# favorite driving shoes



## SmashinIt (Jul 16, 2009)

Post a pic and/or a link and the description of your favorite driving shoes


----------



## Vegas.Six (Aug 14, 2010)

I drive barefoot!


----------



## Dtrain12 (Aug 14, 2010)

Vegas.Six said:


> I drive barefoot!


 lol hot summer days I do too.


----------



## Martell (May 18, 2010)

993s :0)


----------



## Maggiolone (Aug 20, 2007)

Vegas.Six said:


> I drive barefoot!


:thumbup:


----------



## DubbinDew (Jul 19, 2010)

Doc martins and Vans... covers everything I do actually...


----------



## 99Golf20 (Oct 3, 2004)

http://web.ipath.com/

Can't go wrong with hemp and skate padding


----------



## PSU (May 15, 2004)

Usually just Nike Shocks...

I hate driving my 5spd in flip-flops, but have no problem with the DSG.


----------



## GLI Stee (Jul 27, 2010)

Nike Blazers (pink) whaddup breh


----------



## mopman93 (Apr 6, 2010)

my omp's or nike 6.0s


----------



## uNLeaSHeD. (Aug 28, 2010)

Probably my nikes, don't know what kind they are or even a link to them. They were only like 60 bucks.


----------



## Ervinmudkips (Aug 10, 2010)

Addidas goodyears


----------



## GVZBORA (Nov 13, 2008)

Converse All Stars low tops.


----------



## die65cast (Apr 3, 2007)

Fresh pair of og JAAAYYYYZZZ ftw


----------



## armenianboi (Sep 8, 2009)

puma. there wicked comfy. i need to get a new pair of shoes its gonna suck getting used to it. lol


----------



## ArTTemis (Oct 6, 2009)

I second Puma!!!! You get a good feeling shoe and you can feel the car really well when you use them vs a thicker shoe IMO.


----------



## lbruzda44 (Aug 25, 2010)

How bout these bad boy iron man shoes


----------



## alexloramer (Sep 2, 2010)

I've never really thought about this. Those iron man one's look like some pretty bad boys.
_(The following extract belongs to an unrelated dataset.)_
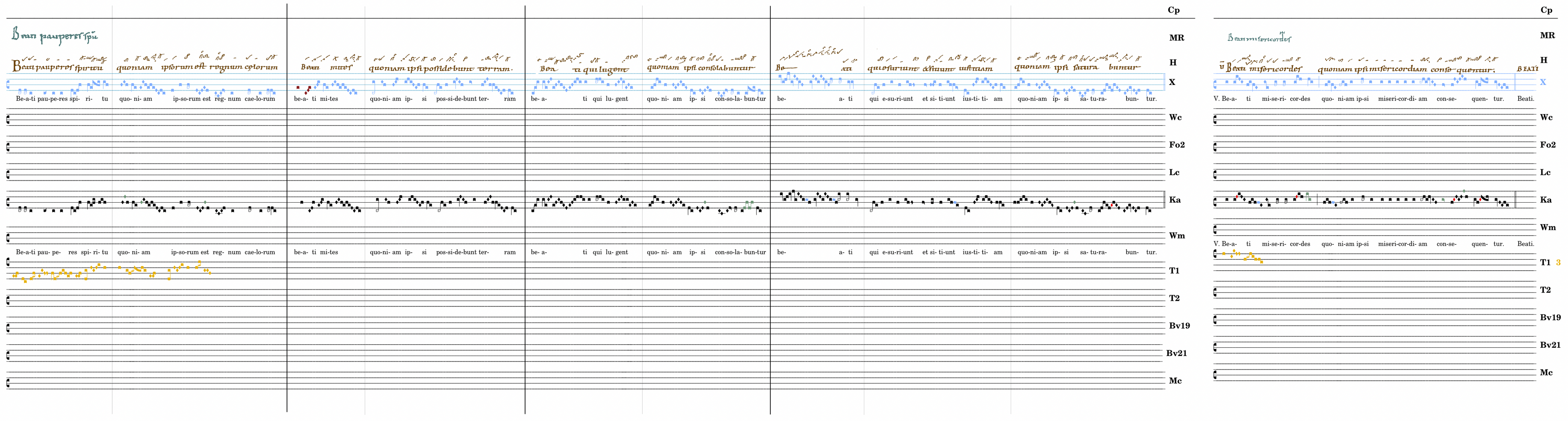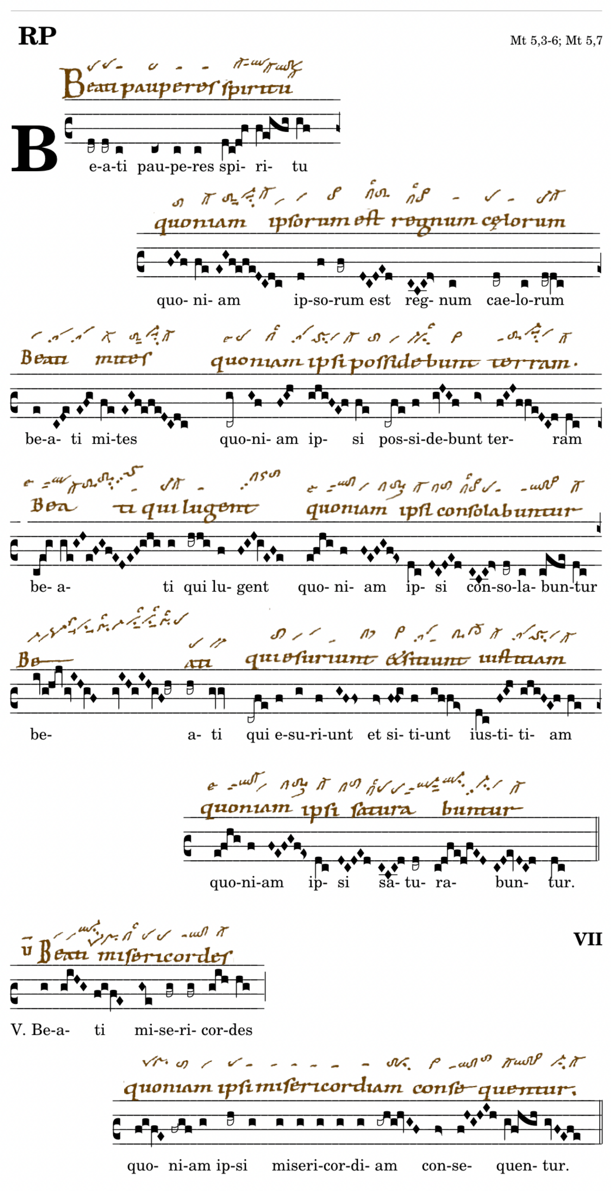 Beati pauperes spiritu / quoniam ipsorum est regnum caelorum / Beati mites / quoniam ipsi possidebunt terram / Beati qui lugent / quoniam ipsi consalabuntur / Beati qui esuriunt et sitiunt iustitiam / quoniam ipsi saturabuntur. V. Beati misericordes* quoniam ipsi misericordiam consequentur. R. Beati.

Wouldn't mind me a pair of those. I don't have a preference, however, I don't like driving in flip flops.


----------



## paulx24x (Jun 24, 2010)

I love to drive in these...











but they have to be a pair of my worn in ones or they just dont feel right.


----------



## jsimp12 (Jul 11, 2004)

Rods here...


----------



## vw-devil (Mar 9, 2008)

Puma Race Cat

I keep them in my car behind my seat at all times


----------



## glockmk3 (Aug 31, 2010)

GVZBORA said:


> Converse All Stars low tops.


:thumbup:


----------



## VW_Hippie (May 14, 2010)

When I'm cruisin in my aircooled dubs birks all the way.... When I'm in the TDI I have a pair of simple shoes I enjoy wearing


----------



## figgytriniman (Sep 5, 2007)

These r tha only things tha touch my peddles:


----------



## Chilangoleon (Apr 15, 2010)

I go with the paul walker look in the first F&F

CHUCKS


----------



## LashCM (Jul 1, 2010)

My air jordan 7s. I love them !!! Light and quick!!!!! My clutch foot is stupendous!!!!!!


----------



## paulx24x (Jun 24, 2010)

I just found these today in my closet and forgot about them, so i put them on and took a cruise loved them going to start driving in these alot more!


----------



## falconeight (Oct 29, 2007)

I dont have favorite driving shoes but I do have a favorite driving man thong.


----------



## Slowride88 (Oct 19, 2009)

i dont wear anything but dcs but i wear a 13 so sometimes my feet get caught on a pedal or something i need to find something good though


----------



## nemo1ner (May 5, 2004)

Puma Future Cats:










Puma Speed Cats:










Diesels:


----------



## KristynLaura (Sep 6, 2010)

I like to drive in my vans or converse fo sho


----------



## 2. slow (Jul 11, 2010)

heels


----------